# Apache JNDI JDBC Treiber anbinden



## Marder1 (2. Sep 2009)

Hallo liebe Forumgemeinede,

ich habe ein Problem an dem ich schon mehrere Tage sitze. Wenn man dannach googelt findet man viele Menschen
mit dem gleichen Problem und viele Lösungen die den meisten Menschen nicht helfen.
Ich hoffe ihr könnt mir villeicht helfen.

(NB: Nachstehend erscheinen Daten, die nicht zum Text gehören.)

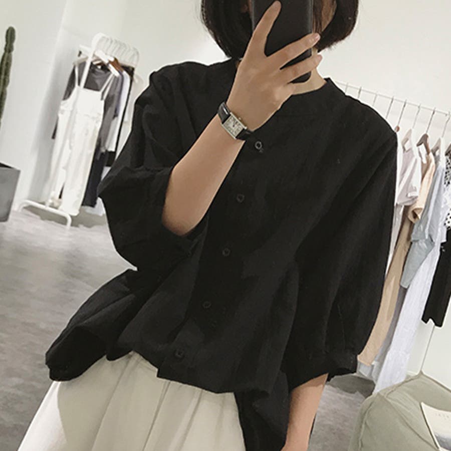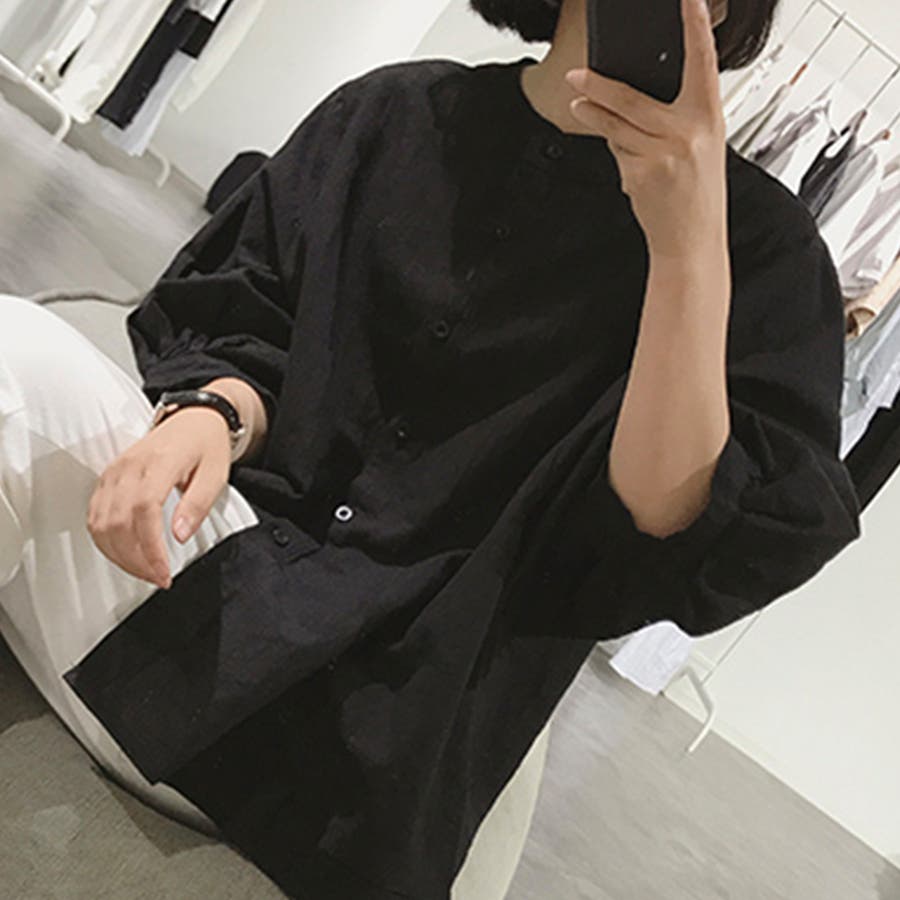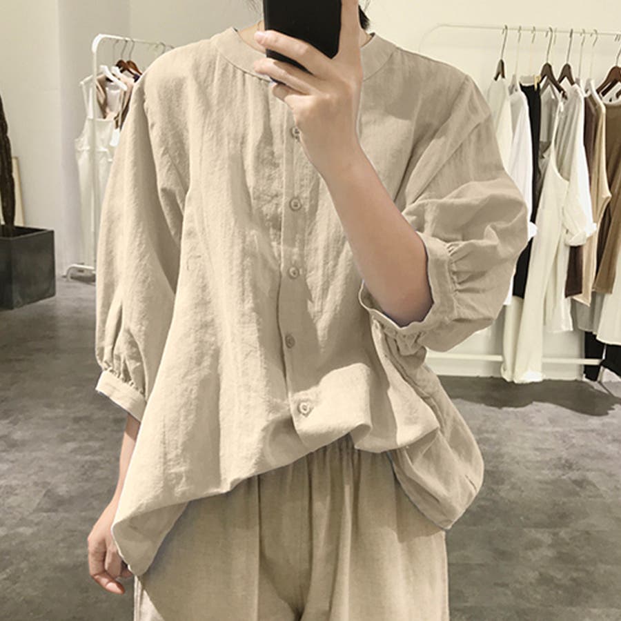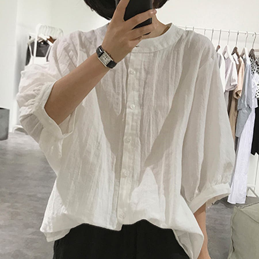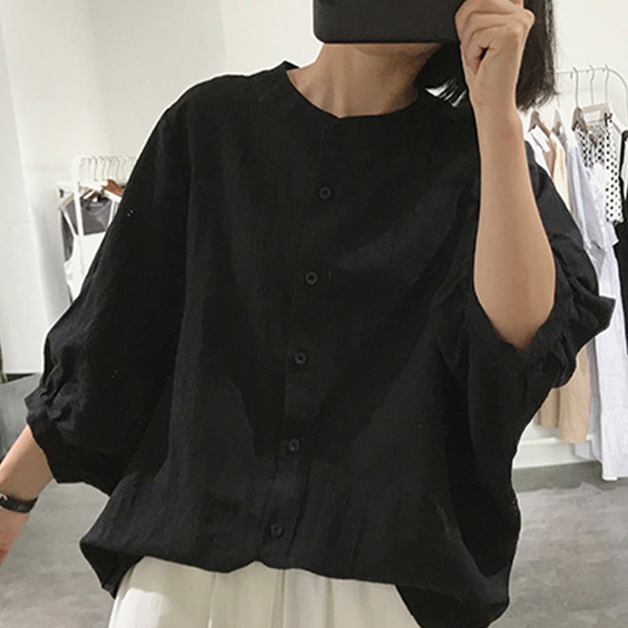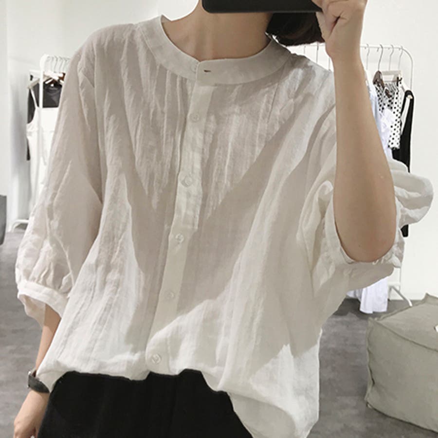 ノーカラーボリュームスリーブコットンシャツ 韓国ファッション

Ich versuche Oracle JDBC Treiber über JNDI an einen Apache Tomcat 6 zu binden und erhalte ständig die Fehlermeldung:

org.apache.tomcat.dbcp.dbcp.SQLNestedException: Cannot create JDBC driver of class '' for connect URL 'null'

Verwendeter Treiber:

Der ganz normale Oracle JDBC Treiber: ojdbc14.jar
An ihm kanns eigentlich nicht liegen, weil er unter JAVA SE Projekte, wenn man Ihn ganz normal einbindet funktioniert.
Der Treiber liegt bei mir in \apache-tomcat-6.0.20\lib

Meine context.xml
[XML]
<Context path="/Uebung" docBase="Uebung.war"
        debug="5" reloadable="true" crossContext="true">

  <Resource name="jdbc/myoracle" auth="Container"
              type="javax.sql.DataSource" driverClassName="oracle.jdbc.OracleDriver"
              url="jdbcracle:thinSERVER:1521:WG05t"
              username="BENUTZERNAME" password="PASSWORT" maxActive="20" maxIdle="10"
              maxWait="-1"/>
</Context> 
[/XML]
mit den gleichen Verbindungsdaten lässt sich auch eine Verbindung von eine JAVA SE Projekt aus öffnen.
SERVER, BENUTZERNAME und PASSWORT natürlich geändert.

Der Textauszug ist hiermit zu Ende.